A team led by Dr Vadim Sumbayev, of the University's Medway School of Pharmacy, found for the first time that blood/bone marrow cancer – acute myeloid leukemia (AML) – cells evade the anti-cancer activity of the human immune system by employing the human hormone cortisol.
The study of the causes of AML – the most severe blood/bone marrow cancer – demonstrated that AML cells employ a unique pathway to progress the disease, using functional systems of the human body to both support their survival and also reduce the anticancer activities of immune cells.
They do this by using cortisol to force the release of a protein, latrophilin 1. This in turn causes the secretion of another protein, galectin-9, which suppresses the body's natural anti-cancer immune mechanism.

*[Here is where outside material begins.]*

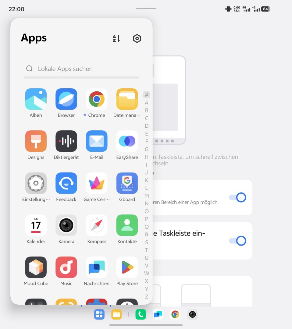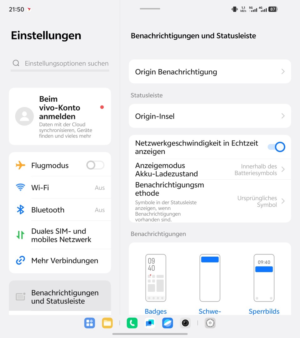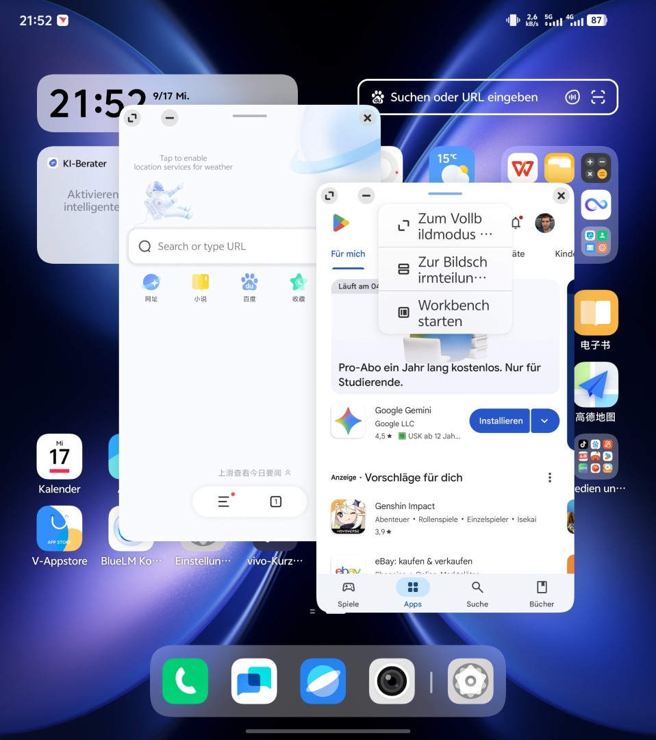 Praktisch für die Nutzung des Innendisplays ist die Workbench-Funktion. Hierbei handelt es sich um eine Kopie von Apple's Stage Manager, mit der sich Apps sehr bequem im Multitasking wechseln lassen. Offene Apps werden groß dargestellt, minimierte Apps als Thumbnail in einer Seitenleiste. Mit einmaligem Antippen kann man schnell zwischen den Apps wechseln. Auch Apps, die im Hintergrund normal pausieren wie beispielsweise YouTube, laufen im Workbench weiter, wenn eine andere App im Vordergrund genutzt wird. Der Betrieb von Apps in frei in der Größe veränderbaren und verschiebbaren Fenstern ist wie auf den normalen Vivo-Smartphones ebenfalls möglich.

Dr Sumbayev's team, working with researchers from two German universities and the UK's Diamond Light Source facility, found that although healthy human white blood cells are not affected by cortisol they become capable of releasing latrophilin 1 when malignant transformation takes place.
Malignant AML cells then use cortisol to increase the release of latrophilin 1 so that they can use it to avoid the immune system.
The study concluded that galectin-9, as well as a natural binding partner of latrophilin 1 – known as FLRT3 – which are both present in human blood plasma, are the most promising targets for future anti-AML immune therapy.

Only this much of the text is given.